On Mon, May 14, 2012 at 12:22 PM, Alexey Eromenko <al4...@gmail.com> wrote:

>  > Do we have the manpower to solve these problems?
> > If so, where is it?
>
> OSS / community projects start as an one-man-effort.
> Only if you volunteer.
> Just ask some organization (FSF? OSI?) to give you servers later, for
> production use. (data proxy + central registry + VoIP gateway...)
>
> All dev can be done on 2 PCs, on home LAN.
> Protect your project / central registry by trademark name, so forkers
> won't have 1000 of registries, which will kill the purpose.
>

Is any dev actually needed at this point, though?
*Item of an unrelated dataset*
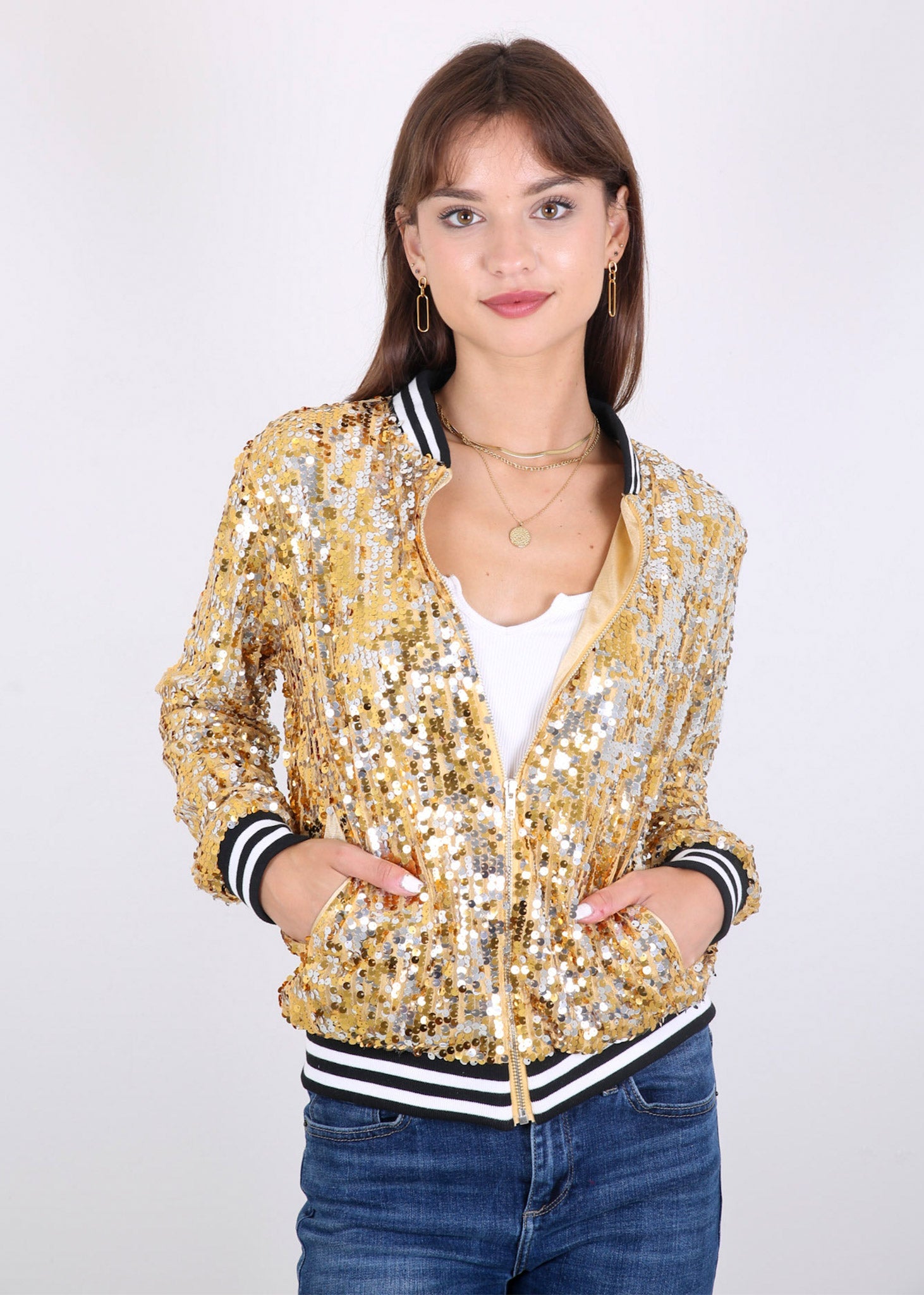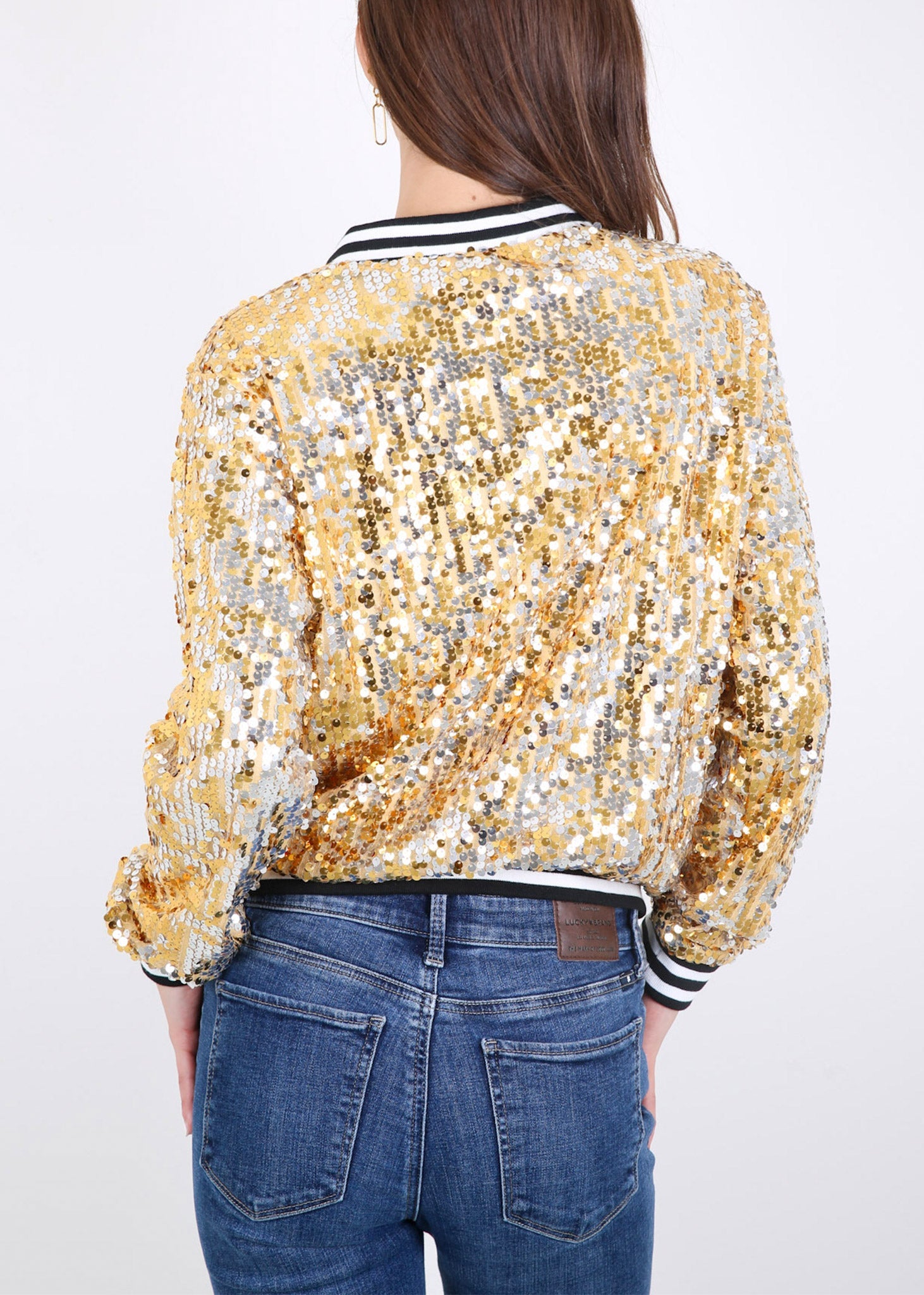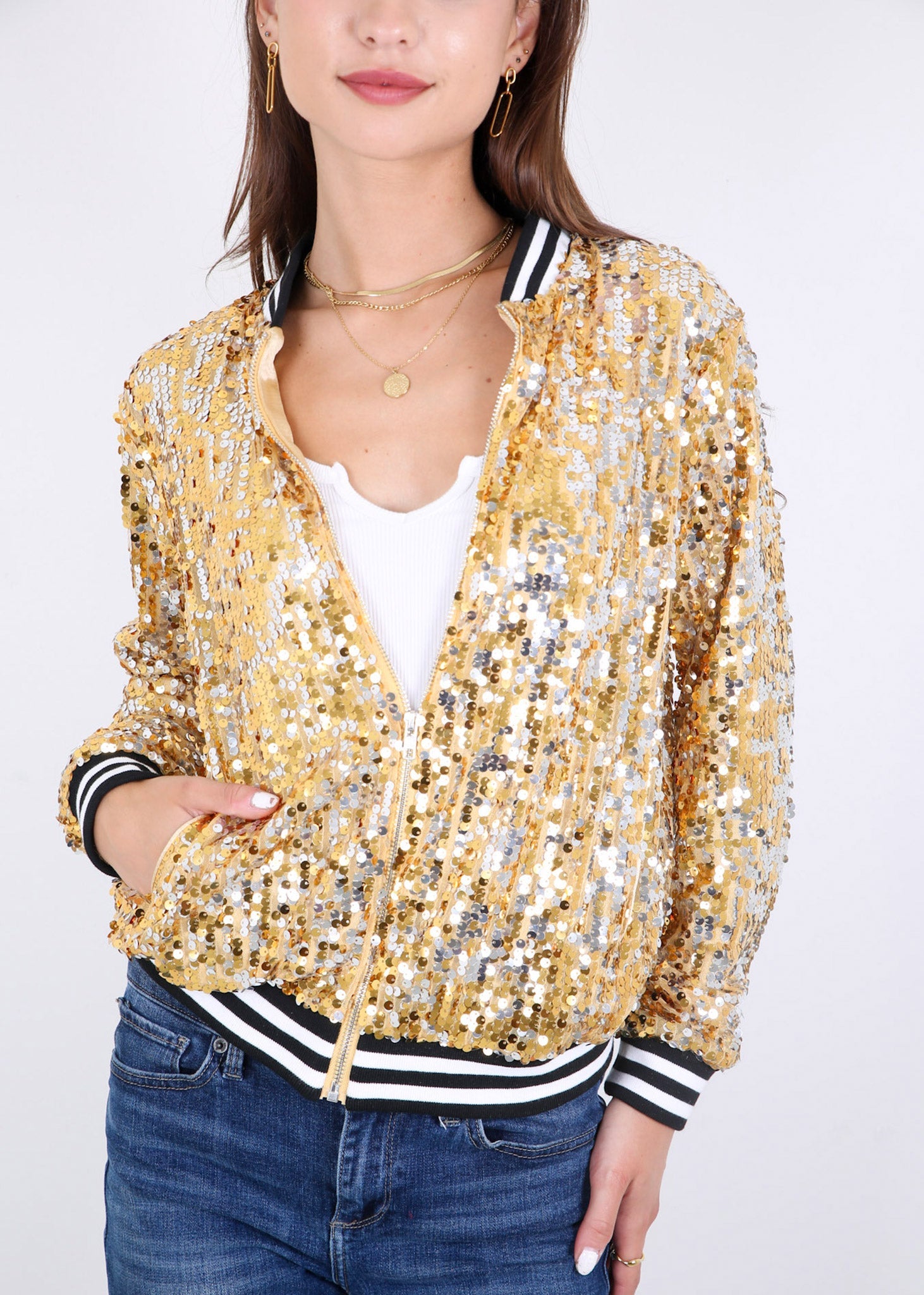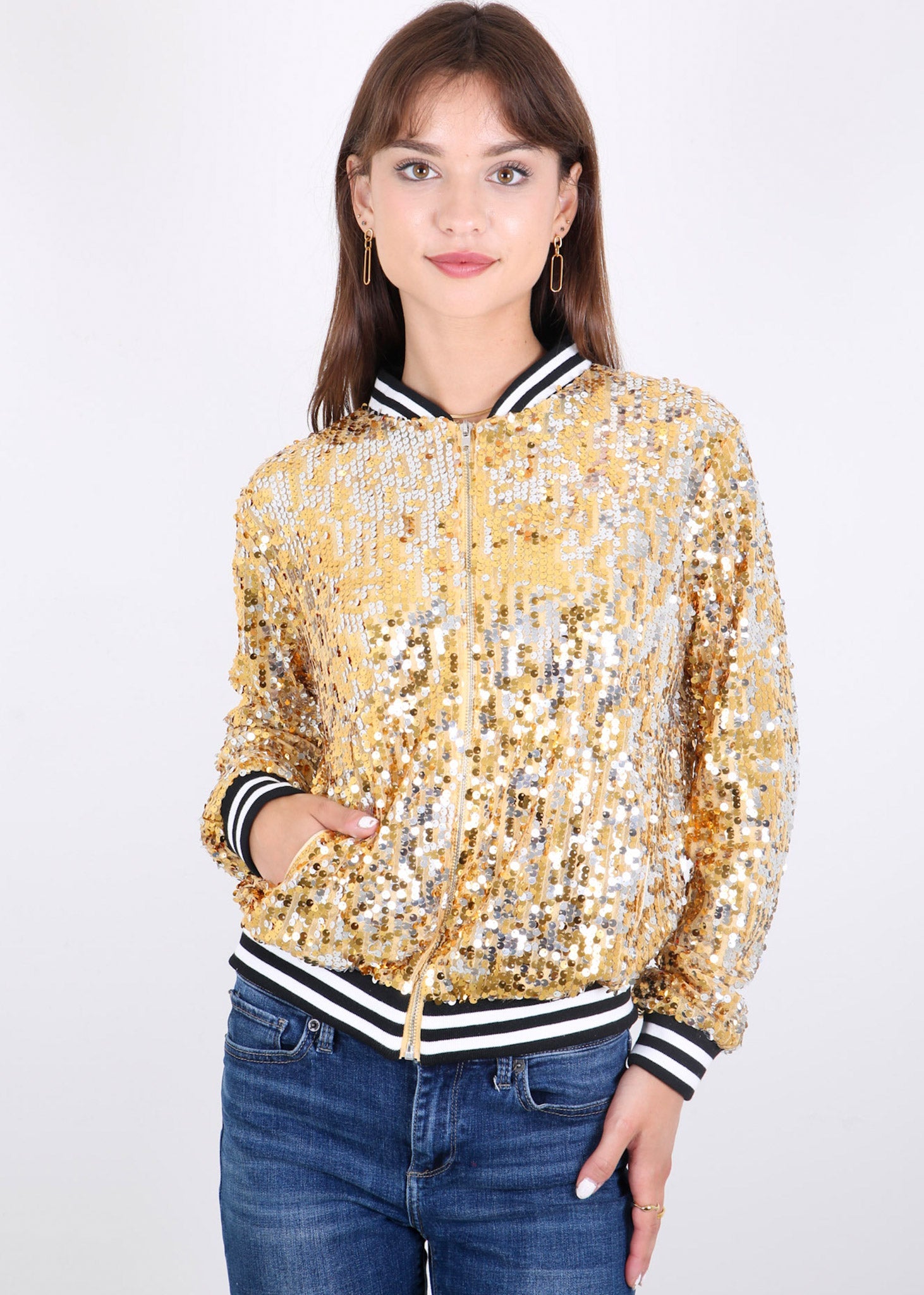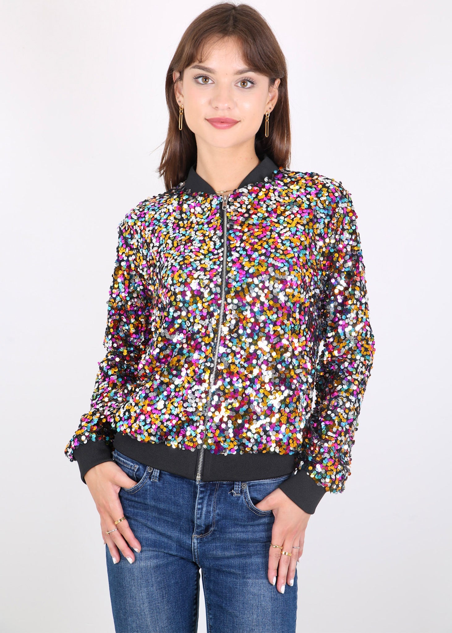Featuring a shiny sequin zip bomber jacket with long sleeves, a v-neck, and front zipper closure.

Or are we already at the
point where it's time to scale it up?
To be clear, the problem we are talking about is as Michał said:

Currently the users cannot be bothered with Yet Another Protocol or
> Social Network, because they already use a multitude of those.
>
> That is one of the reasons why Diaspora, StatusNet, XMPP, SIP hasn't
> picked up users as fast as we would like them to. And they won't as
> long as using them is more cumbersome than proprietary, centralised
> networks/protocols.
>
> I think we have the technology already; we need to focus on tackling
> the network effect and on heavily usability.